The rationale for rotation, is that "min(Int)" will, 255 times out of 256, select only within the 8 most-significant bits. Only if all top bits are the same, do lower bits have any effect in the comparison.. so spreading can be useful to avoid undue emphasis on just one or two characters in the shingle.

The rationale for XOR is that, on it's own, bitwise rotation (ROTR) can 50% of the time (when 0 bits are shifted in from the left) converge towards zero, and that would cause "separate" hash functions to display an undesirable tendency to coincide towards zero together -- thus an excessive tendency for them to end up selecting the same shingle, not independent shingles.

There's a very interesting "bitwise" quirk of signed integers, where the MSB is negative but all following bits are positive, that renders the tendency of rotations to converge much less visible for signed integers -- where it would be obvious for unsigned. XOR must still be used in these circumstances, anyway.
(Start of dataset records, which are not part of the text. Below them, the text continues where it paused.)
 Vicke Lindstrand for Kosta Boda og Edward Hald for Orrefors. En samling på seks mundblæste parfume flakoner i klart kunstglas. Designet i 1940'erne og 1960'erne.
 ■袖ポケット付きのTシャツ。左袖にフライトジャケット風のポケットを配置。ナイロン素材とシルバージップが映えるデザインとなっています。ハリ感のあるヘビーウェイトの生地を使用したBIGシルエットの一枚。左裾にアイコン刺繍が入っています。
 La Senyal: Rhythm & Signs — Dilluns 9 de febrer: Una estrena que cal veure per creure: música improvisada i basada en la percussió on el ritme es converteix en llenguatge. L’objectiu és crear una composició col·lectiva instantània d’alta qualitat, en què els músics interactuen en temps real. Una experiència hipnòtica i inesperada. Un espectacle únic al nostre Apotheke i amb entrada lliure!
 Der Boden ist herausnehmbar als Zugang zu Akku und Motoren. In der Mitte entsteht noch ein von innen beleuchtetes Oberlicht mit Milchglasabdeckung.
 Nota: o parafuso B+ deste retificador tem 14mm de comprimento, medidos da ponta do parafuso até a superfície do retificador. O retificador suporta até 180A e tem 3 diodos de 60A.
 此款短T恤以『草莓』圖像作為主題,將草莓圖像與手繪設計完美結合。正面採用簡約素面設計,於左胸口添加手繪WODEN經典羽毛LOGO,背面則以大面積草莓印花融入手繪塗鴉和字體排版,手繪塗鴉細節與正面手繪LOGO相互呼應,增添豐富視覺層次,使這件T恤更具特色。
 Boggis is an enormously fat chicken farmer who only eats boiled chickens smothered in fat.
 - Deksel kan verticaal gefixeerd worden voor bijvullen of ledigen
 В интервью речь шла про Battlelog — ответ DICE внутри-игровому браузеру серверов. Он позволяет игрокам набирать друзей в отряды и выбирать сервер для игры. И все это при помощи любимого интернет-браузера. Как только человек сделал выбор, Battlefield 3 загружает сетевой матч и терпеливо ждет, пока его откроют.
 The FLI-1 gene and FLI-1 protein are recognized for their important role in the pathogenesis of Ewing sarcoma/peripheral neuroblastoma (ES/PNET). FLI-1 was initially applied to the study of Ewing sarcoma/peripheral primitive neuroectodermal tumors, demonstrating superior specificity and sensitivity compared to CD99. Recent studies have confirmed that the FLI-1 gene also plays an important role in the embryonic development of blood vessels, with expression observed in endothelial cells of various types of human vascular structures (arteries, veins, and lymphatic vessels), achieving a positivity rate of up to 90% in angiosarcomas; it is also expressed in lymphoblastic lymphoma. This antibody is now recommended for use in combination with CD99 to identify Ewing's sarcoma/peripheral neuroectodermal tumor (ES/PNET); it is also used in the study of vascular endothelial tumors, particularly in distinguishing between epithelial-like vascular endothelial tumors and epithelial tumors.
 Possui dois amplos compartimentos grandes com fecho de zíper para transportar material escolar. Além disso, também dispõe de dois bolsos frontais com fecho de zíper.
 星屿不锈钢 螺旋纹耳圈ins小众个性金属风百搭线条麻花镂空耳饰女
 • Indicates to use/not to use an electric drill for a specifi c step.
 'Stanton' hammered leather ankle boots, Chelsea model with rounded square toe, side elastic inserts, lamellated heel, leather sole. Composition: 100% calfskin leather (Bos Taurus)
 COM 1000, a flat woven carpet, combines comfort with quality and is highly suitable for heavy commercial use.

Java has 32-bit hashcodes builtin. And if you use Google Guava libraries, there are 64-bit hashcodes available.

Thanks to @BillDimm for his input & persistence in pointing out that XOR was necessary.

Gobbet answered 31/10, 2013 at 8:17 Comment(6)
Following what Bill said below, I'd like to suggest supplementing 'rotation' with 'XOR' to both change which bits are 'most selective' and randomize which values the 'min' function is selecting for. Thanks @BillDimm!Gobbet
@BillDimm and I have investigated actual behaviour of hash functions in my Java example code -- turns out that ROTATE should always be combined with XOR. ROTATE on it's own can produce excessive collisions, since 50% of single-bit rotations converge towards zero and "minimum" may tend to select the same shingles. Thanks Bill for your assistance in pointing this out!Gobbet
I don't think that the XOR method is good either. Certainly the proofs of the nice properties of minhash do not work for such hash functions, because they require that the hash functions be drawn from a 2-uniform family, which this is not.Anesthetic
Thanks @RobertObryk. According to my reading of en.wikipedia.org/wiki/Universal_hashing an ADDITION from uniformly-distributed random numbers gives strong independence for all hash functions, an XOR from uniformly-distributed random numbers gives strong independence only where hash usage is bitwise, ie where modulo M is a power of 2. So I would read Robert's suggestion as saying, that ADDITION may be better than MODULO. Any comments?Gobbet
en.wikipedia.org/wiki/Tabulation_hashing and en.wikipedia.org/wiki/Rolling_hash articles may also be worth reading, if you're building a Minhash algorithm.Gobbet
@ThomasW: Is there any criteria for picking how many bits should be rotated? Or, any constant number of shifting would do?Shriner
S
24

One way to generate 200 hash values is to generate one hash value using a good hash algorithm and generate 199 values cheaply by XORing the good hash value with 199 sets of random-looking bits having the same length as the good hash value (i.e. if your good hash is 32 bits, build a list of 199 32-bit pseudo random integers and XOR each good hash with each of the 199 random integers).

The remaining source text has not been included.